Summary and Price Action Rundown
Global risk assets mostly retreated overnight as yesterday’s Federal Reserve decision spurred mixed market reactions, while investors await key US jobs data. S&P 500 futures point to a 1.2% lower open after the index lost 0.5% yesterday, retracing the prior session’s upside and paring its year-to-date gain to 4.8%, which is around 5.5% below early September’s record high. The tech-heavy Nasdaq returned to underperformance yesterday, sinking 1.2% and paring its year-to-date gains to 23.2%. Equities in the EU and Asia also posted losses overnight. Despite yesterday’s resolutely dovish messaging from the Fed, a broad dollar index is finding support near its recent 28-month low, while longer-dated Treasury yields are slipping lower, with the 10-year yield at 0.67%. Brent crude prices are back above $42 as OPEC+ meets today.
Federal Reserve Decision Continues to Reverberate in Markets
Investors are still digesting yesterday’s Fed decision, which featured increasingly accommodative guidance on rates, though the FOMC declined to enact the most dovish potential formulations that some had predicted. Analysts are pondering the nuanced and muted reaction in financial markets to what was a historically dovish Federal Reserve meeting. In yesterday’s decision, the FOMC unsurprisingly left interest rates unchanged at 0-0.25% and projected that it would maintain this ultra-low rate range through at least 2023 in order to facilitate the US economy recovery from the fallout of the coronavirus pandemic. Specifically, the accompanying statement indicated that this accommodative rate would likely be maintained “until labor market conditions have reached levels consistent with the Committee’s assessments of maximum employment and inflation has risen to 2% and is on track to moderately exceed 2% for some time.” Analysts are noting that the US economy has very seldom achieved this highly favorable economic scenario during the modern era. Dallas Fed President Kaplan dissented in favor of a more flexible formulation, allowing for more proactive monetary tightening, while Minneapolis Fed President Kashkari expressed his preference to steer policy toward 2% inflation “on a sustained basis.” The statement also reiterated a commitment to continue buying Treasuries and mortgage backed securities at least at the current pace of $80 billion and $40 billion, respectively, over “coming months.” In his press conference, Chair Powell declined to invoke the strictest form of “enhanced guidance,” which would formally tie policy decisions to inflation and unemployment targets. He did mention that the Main Street Lending Program, which has now deployed a paltry $2 billion of its $600 billion total firepower, is being tweaked in an effort to improve uptake.
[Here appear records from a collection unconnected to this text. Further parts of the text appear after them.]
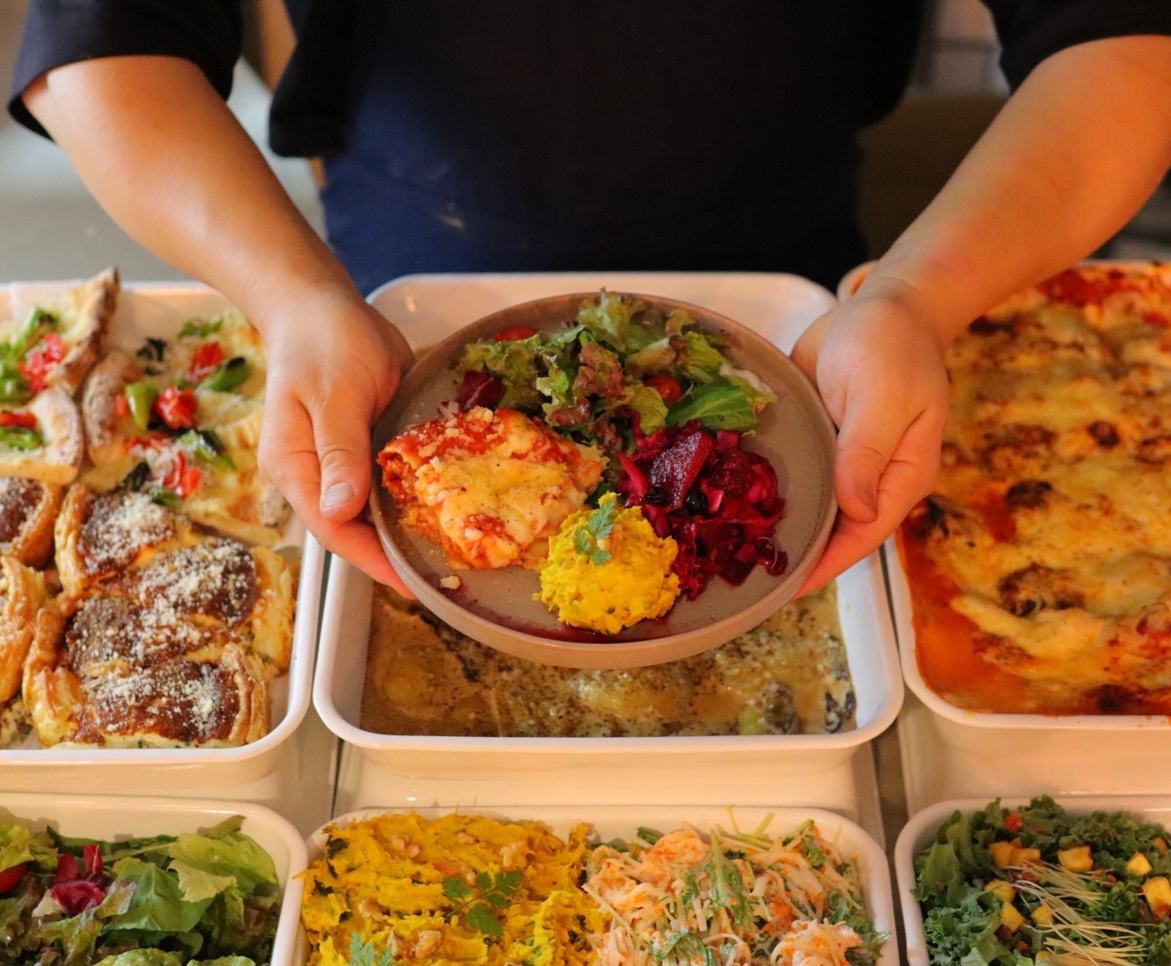 ・主菜4種から1つ、副菜6種から2つをセレクトできるデリプレート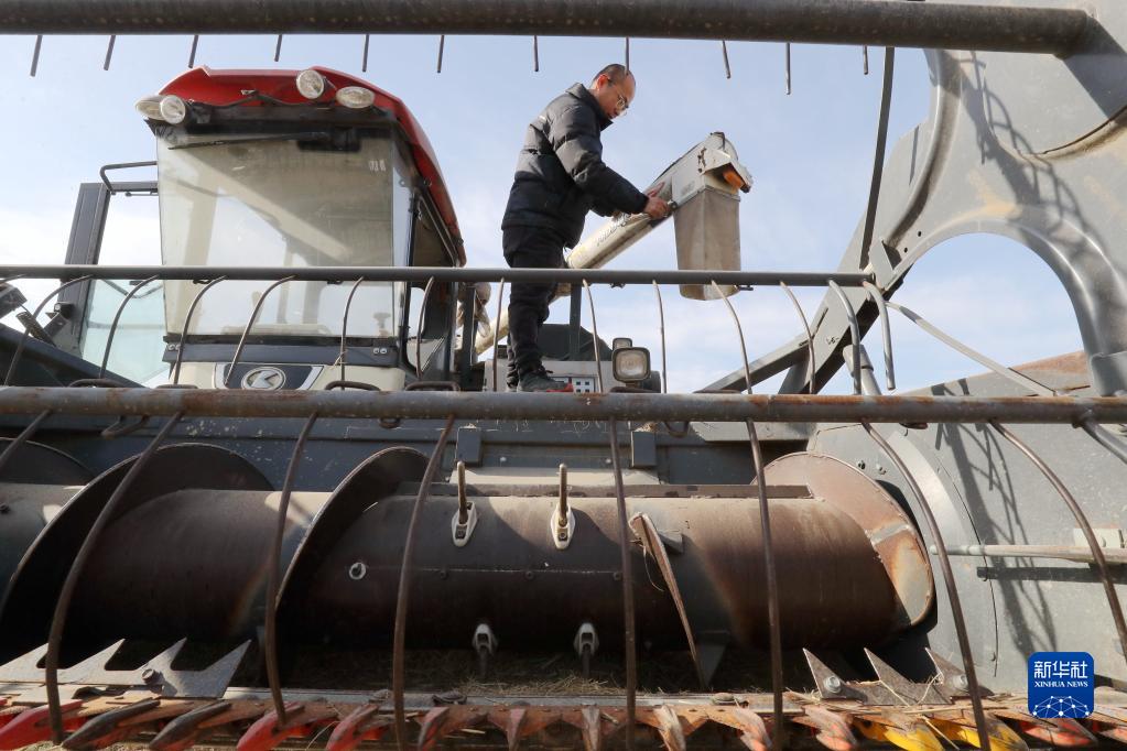 1月31日,浙江省湖州市德清縣新安鎮下舍省級糧食生產(chǎn)功能示范區的技術(shù)員在檢修農機。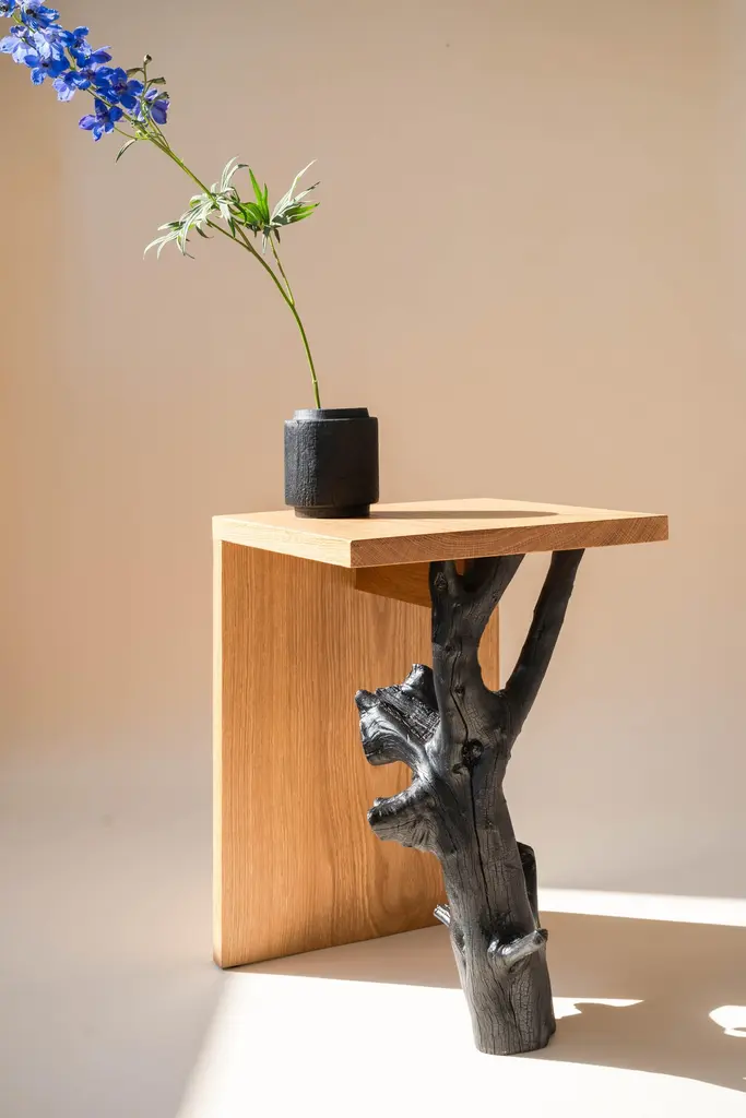 Oak Root Stool by Daniel ElkayamOne of a KindDimensions: D 30 x W 30 x H 45 cmMaterials: Oak WoodDaniel Elkayam — Designer Jerusalem-born Art-designer and Photographer based in Tel-Aviv. Operating in the field of sustainable home decor and specializing in conceptual design, material exploring, and story-telling through objects.Graduated in 2019 his Bachelor's studies at the Industrial design department at Bezalel Academy of Arts and Design, Jerusalem. A former member of the Bezalel Alumni Design Incubator 2020. Won the excellent scholarship of America-Israel cultural foundation of 2019Inspired by nature and its phenomenons, the artist transforms natural materials and aesthetics into one-of-a-kind unique objects.In his works, Daniel implements his curiosity and yearning for unrefined aesthetics, and by material transformation and unique techniques he is developing in his studio, he shows how unattractive materials can be not only valid but luxurious.Elkayam examines the range between art and design by taking things in and out of their context, creating hybrids between different worlds of content, intervening in natural processes, while leaving a gap for the unexpected, the unknown.He expresses his inner world and illustrates his ideas by creating objects and experiences.Through his perspective of materiality, and empathetic vision of his surroundings, he developed an intuitive way of creation with experimental materials such as algae, corrosion, charcoal, and more. Every collection of objects expresses different material research and follows curious narratives and a variety of topics such as locality, transience, and decay of materials.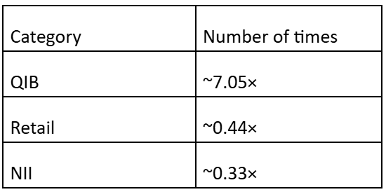 The grey market premium (GMP) had cooled to flat / ₹0 over issue price as of 1:30 pm on Oct 16 according to a few media sources. This indicates a conservative listing despite good subscription.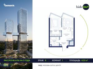 Продается 1-комнатная квартира площадью 45,9 кв.м. на 8-м этаже 34-этажного дома в ЖК hideOUT с панорамными видами: Москва-Сити, Центр.
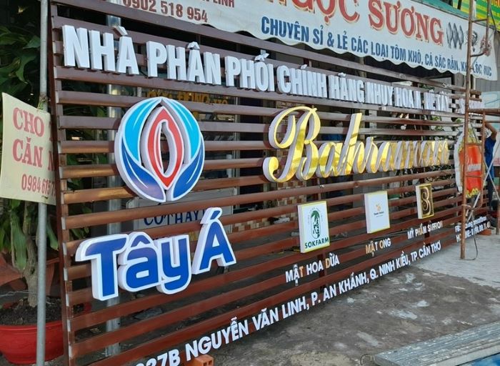 - Màu sắc và kiểu chữ cần hài hòa với tổng thể thiết kế của cửa hàng, doanh nghiệp.

Jobless Claims in Focus Amid Questions Over the Recovery Trajectory
After yesterday’s US retail sales figures for August undershot expectations, analysts will parse today’s release of last week’s initial jobless claims for any further indications of economic backsliding. Initial jobless claims for the week of September 12th are expected to improve to 850K after the prior week’s tally remained unchanged from the previous reading at 884K, missing market expectations of 850K. Continuing claims are expected to improve slightly after the reading for the week of August 29th rose nearly 100K to 13.38 million, topping expectations of 12.904 million. Alongside the disappointing initial claims last week, claims for Pandemic Unemployment Assistance (PUA) rose by 91K, marking the fourth straight increase. Combining the standard claims with PUA continuing claims means that 27.8 million people are receiving unemployment insurance payments, up from 25.7 million in early August. Analysts will be highly attuned for any downside surprise after retail sales showed a loss of momentum in August, rising 0.6% after the downward revision of July’s number to 0.9% and missing the consensus forecast of a 1.0% increase. The deceleration of retail sales over recent months has been blamed on the expiration of federal unemployment benefits, the drying up of support for small businesses, and the persistence of the pandemic. Meanwhile, flickers of hope on the US fiscal front continued brightening yesterday following of weeks of stalemated negotiations as the White House expressed support for the compromise $1.52 trillion proposal put forth by the House “Problem Solvers Caucus,” a group of 50 centrist Representatives.
Bank of Japan (BoJ) Holds Steady – As widely expected, the BoJ left its policy settings fixed at its meeting overnight, though its economic projections were upgraded modestly. Amid the abrupt change in government leadership, with longtime Prime Minister Abe stepping down for health reasons, Governor Kuroda’s press conference emphasized policy continuity.
Oil Steady as OPEC+ Meets – After some whipsaw price action over the past week, oil prices are stable this morning in the middle of their recent ranges as OPEC and its allies (OPEC+) meet today to review their ongoing production cuts. Although the output curbs have been tapered since their tightest levels over the summer, Saudi and Russia have been pushing laggard cartel members for compensatory cuts over the fall.